Conceptualization and Prototype of an Anti-Erosion Sensing Revetment for Levee Monitoring: Experimental Tests and Numerical Modeling

Abstract

The problem of levee embankment control during high flows is crucial for flood risk management in floodplains. Levee defense lines are often hundreds of kilometers long and surveys during emergencies are not easy tasks. For these reasons, levees monitored with in situ sensors and a suitable Information Technology (IT) real-time data communication and integration infrastructure, so-called “smart levees”, are gaining increasing interest as a crucial protection technology in floodplains. The paper presents the conceptualization of a prototype of a levee smart revetment, based on the integration of an optical fiber (OF) cable into a steel double-twisted wire mesh.

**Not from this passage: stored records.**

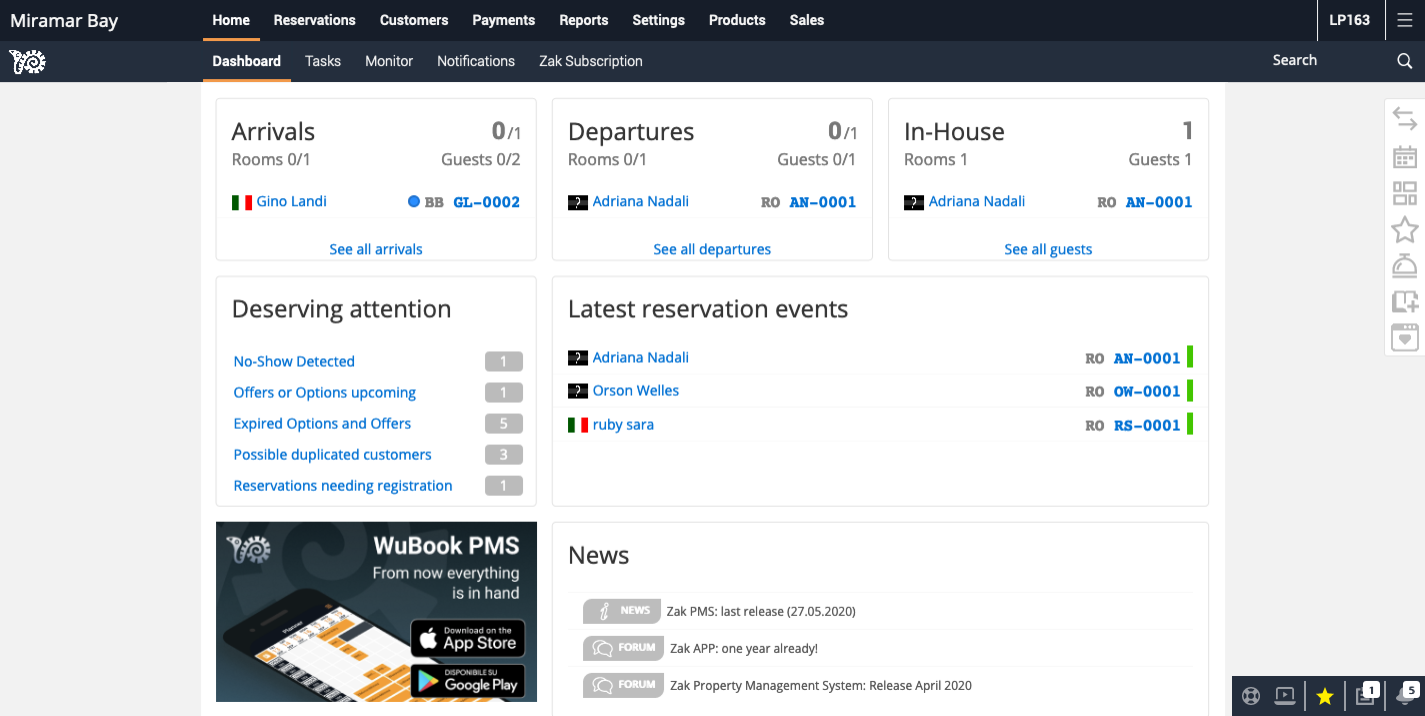 La Dashboard è la pagina iniziale che appare ogni volta che accedi al PMS ZaK. È stata creata come pagina di riepilogo dove puoi visualizzare una serie di informazioni e avvisi relativi alla tua attività. Le sezioni che la compongono sono: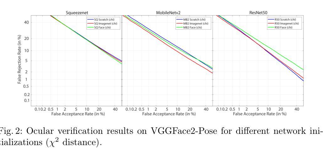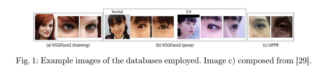 本文专注于眼部生物识别技术,特别是眼部周围区域(眼睛周围的区域),该区域具有高鉴别力和最小的采集限制。我们评估了三种不同深度和复杂度的卷积神经网络架构,以评估它们在眼部识别方面的有效性。这些网络在从大规模VGGFace2数据库中提取的1907572个眼部区域上进行训练。这与现有工作形成鲜明对比,现有工作通常依赖于仅包含几千张图像的小规模眼部数据集进行训练。实验是在VGGFace2的子集VGGFace2-Pose的面部图像以及UFPR-Periocular数据库上进行的,UFPR-Periocular数据库由用户指导在屏幕上通过移动设备拍摄的自拍照组成。由于VGGFace2的非控制条件,使用眼部区域获得的等误率(EERs)范围在9%\textasciitilde{}15%之间,明显高于使用全脸图像获得的3%\textasciitilde{}6%的EERs。相反,UFPR-Periocular由于图像质量更高和更一致的采集协议而表现更好(EERs为1%\textasciitilde{}2%),据我们所知,这是迄今为止在UFPR数据集上报告的最低EERs。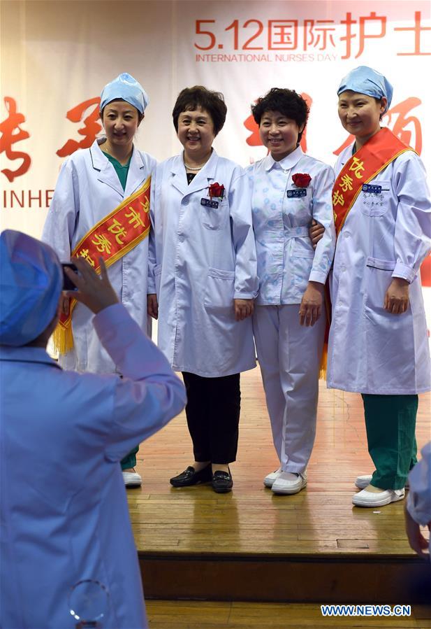 Beijing, 12 de mayo de 2016 (Xinhua)--Enfermeras se hacen una foto en la ceremonia de entrega de premios el Día Internacional de los Enfermeros en el Hospital Xuanwu de Beijing, el 12 de mayo de 2016. (Xinhua/Zhang Yuwei)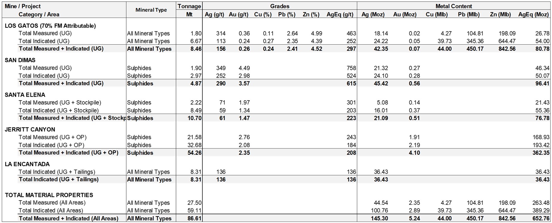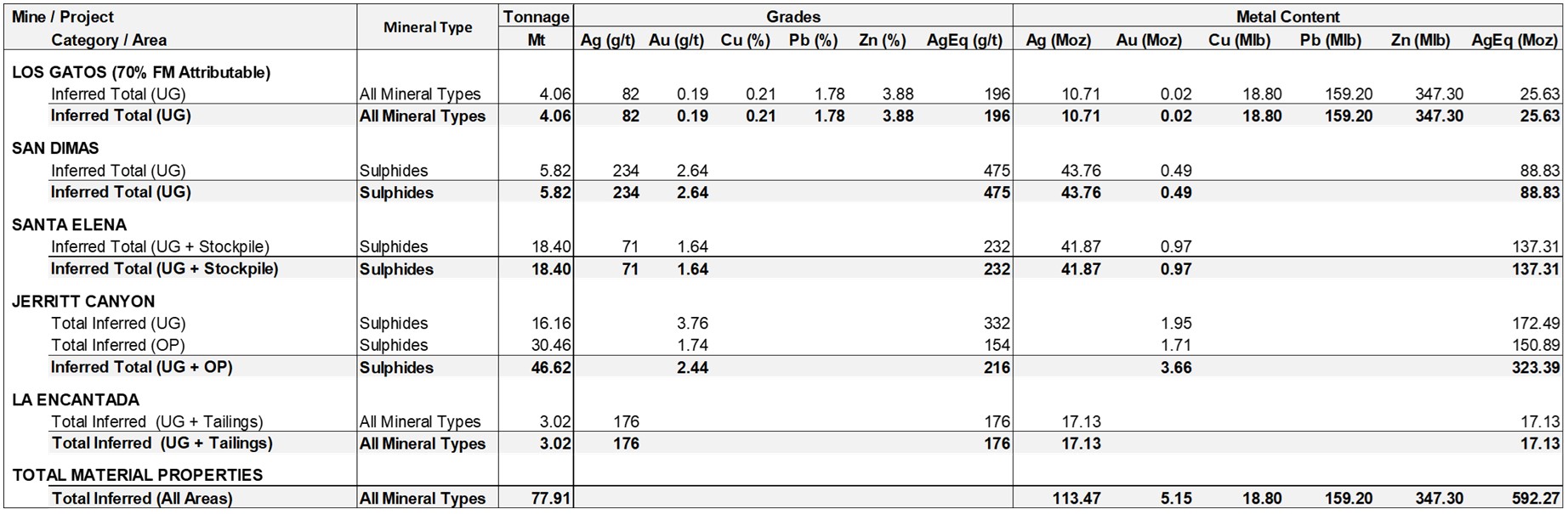 The increase in M&I Mineral Resources was primarily driven by Santa Elena (+25% AgEq ounces year-over-year) and Jerritt Canyon (+116% gold ounces year-over-year). At Jerritt Canyon, higher gold price assumptions and lower cut‑off grades – particularly for lower‑cost bulk‑mining scenarios – expanded mineralization into lower‑grade material, resulting in higher tonnage at lower average grade across both open‑pit and underground resources. - Inferred Mineral Resources increased 69% year‑over‑year (AgEq ounces): Inferred Mineral Resources totalled 77.9 million tonnes containing 592.27 million AgEq ounces, comprised of 113.5 million ounces of silver, 5.2 million ounces of gold, 347.3 million pounds of zinc, 159.2 million pounds of lead, and 18.8 million pounds copper. This represents a 169% increase in tonnes, a 40% increase in silver ounces, a 76% increase in gold ounces, a 103% increase in zinc pounds, an 106% increase in lead pounds and a 168% increase in copper pounds.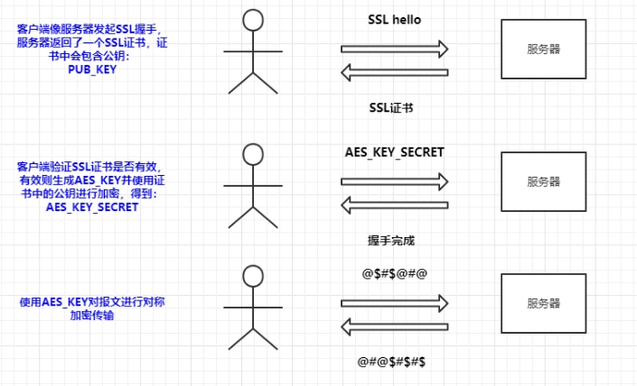 事实上,SSL协议与前节的不对称加密大致相同。在握手过程中,它主要用于交换钥匙,然后在通信过程中使用对称加密进行通信,过程大致如下: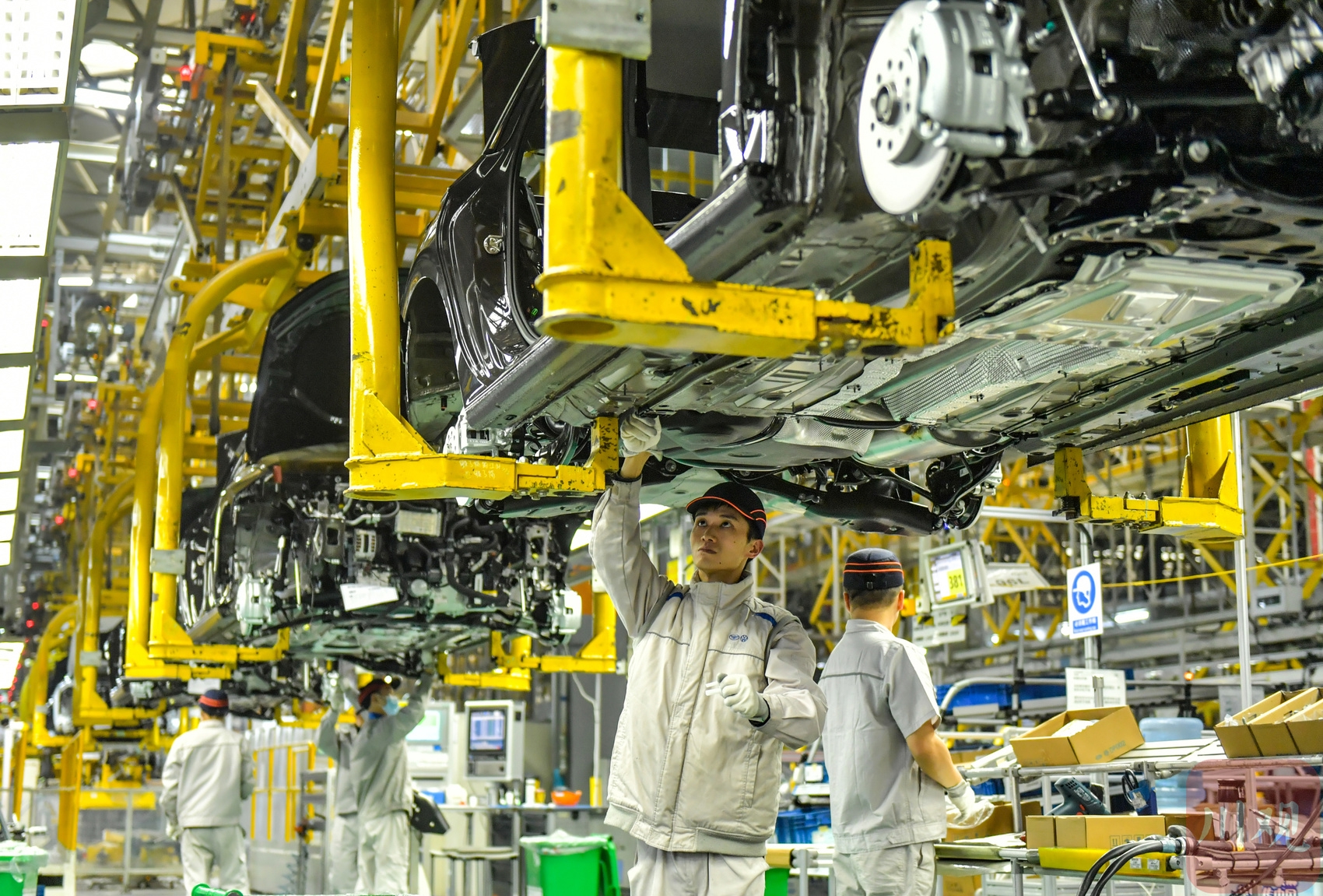 2025年12月9日,在位于成都经开区的一汽-大众成都分公司生产车间,工作人员在岗位上忙碌组装车辆赶订单。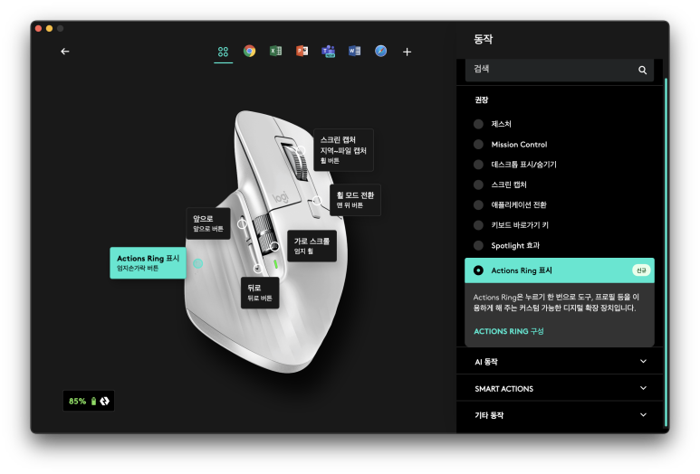 매핑을 어디서 하느냐? Logi Options+ 화면에서 동작 매핑하는 부분에서 Actions Ring 표시 기능이 신규로 추가된 거 보이시죠. 이거 선택해서 엄지손가락 버튼에 매핑을 해주시면 됩니다.

In this paper the feasibility of this kind of revetment is firstly assessed. The flow pattern of overtopping water on the embankment is discussed, thus producing a raw estimation of the shear stress acting on the revetment in the field. A sample case is then analyzed in both numerical and laboratory tests. For this purpose, a numerical Finite Element Model (FEM) to describe the mechanical behavior of a double-twisted wire mesh when loaded along its own plane is presented. Numerical results indicate that the related strain, relatively low as compared to the steel wire yield stress, can be fully detected by the optical fiber continuous Brillouin sensor. This has been validated by the experimental activity performed and a digital twin of the prototype of the smart revetment, suitable for virtually testing the product under any load and constraint conditions and tailoring the production process, has been created.